In a piece for the September-October issue of Harvard Business Review, Karim Lakhani and Marco Iansiti explore the “competition in the age of online giants.” These representatives of the “hub economy” – like Facebook, Google, Amazon, Alibaba and others – often take a network-driven rather than product-driven approach to competition and expansion, resulting in growing challenges. Lakhani and Iansiti argue:
“If current trends continue, the hub economy will spread across more industries, further concentrating data, value, and power in the hands of a small number of firms employing a tiny fraction of the workforce. Disparity in firm valuation and individual wealth already causes widespread resentment. Over time, we can expect consumers, regulators, and even social movements to take an increasingly hostile stand against this concentration of value and economic connectivity. In a painfully ironic turn, after creating unprecedented opportunity across the global economy, digitization—and the trends it has given rise to—could exacerbate already dangerous levels of income inequality, undermine the economy, and even lead to social instability.”

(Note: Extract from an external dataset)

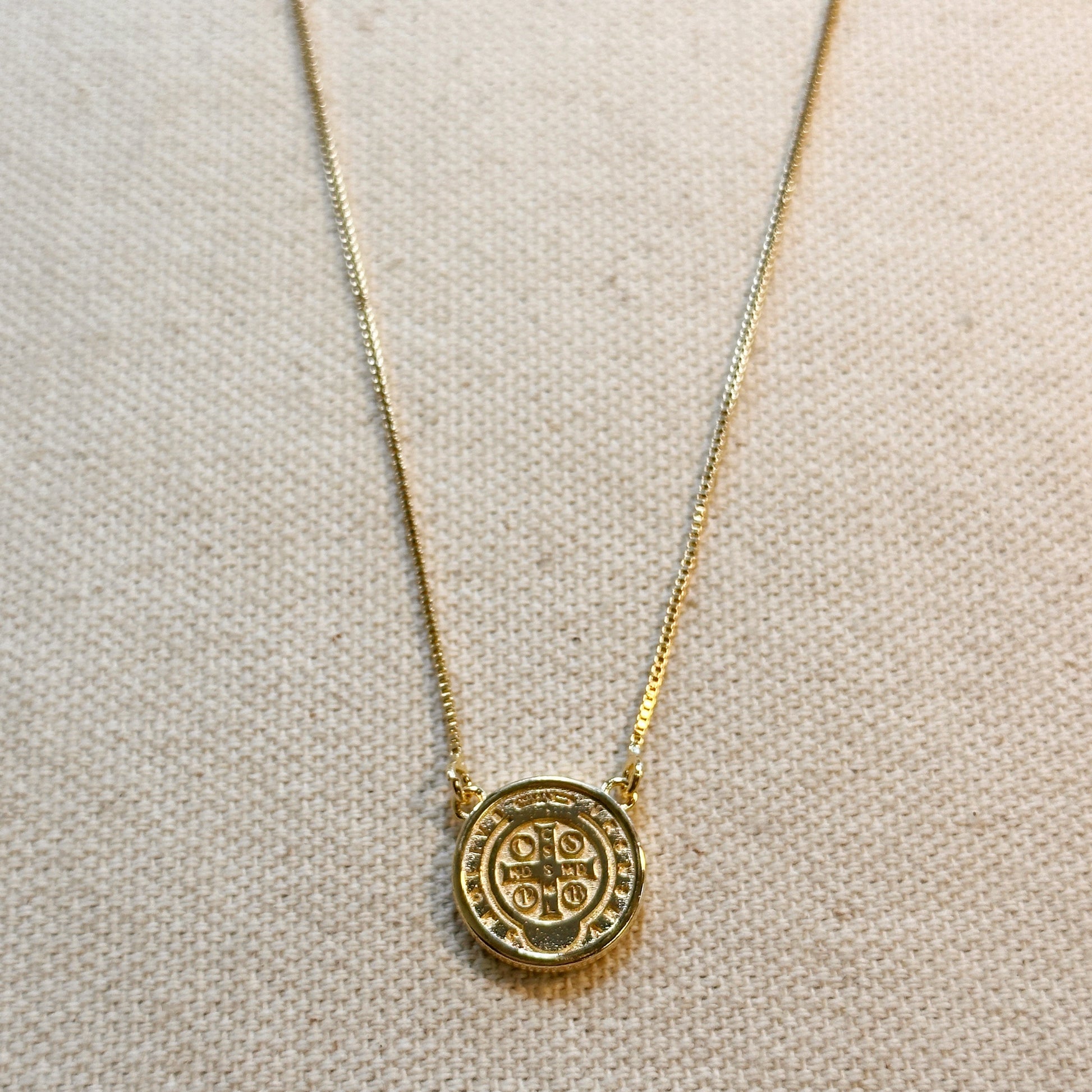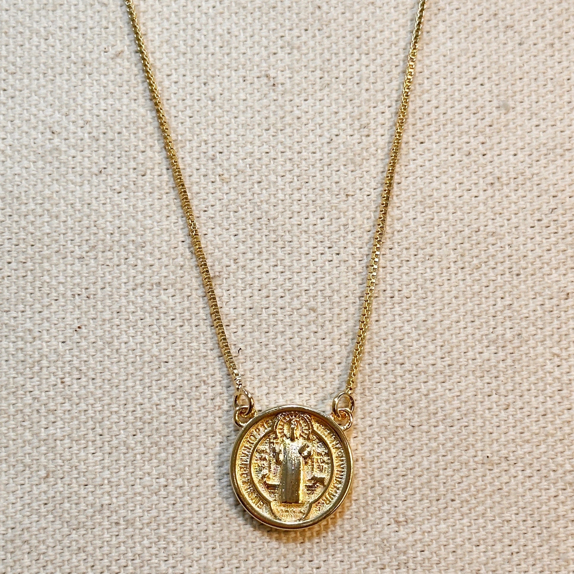 This Saint Benedict double-sided medal necklace will be sure to impress with its religious symbolism and versatile design. Its sophisticated and beautiful look makes it the perfect accessory to add an elegant touch to any outfit.

Fostering complementary communities, they argue, is one path to avoid the worst economic impacts of the hub economy:
“Building and maintaining a healthy ecosystem is in the best interests of hub companies. Amazon and Alibaba claim millions of marketplace sellers, and they profit from every transaction those merchants make. Similarly, Google and Apple earn billions in revenue from the third-party apps that run on their platforms. Both companies already invest heavily in the developer community, providing programming frameworks, software tools, and opportunities and business models that enable developers to grow their businesses. But such efforts will need to be scaled up and refined as hub firms find themselves at the center of—and relying on—much larger and more complex ecosystems. Preserving the strength and productivity of complementary communities should be a fundamental part of any hub firm’s strategy.”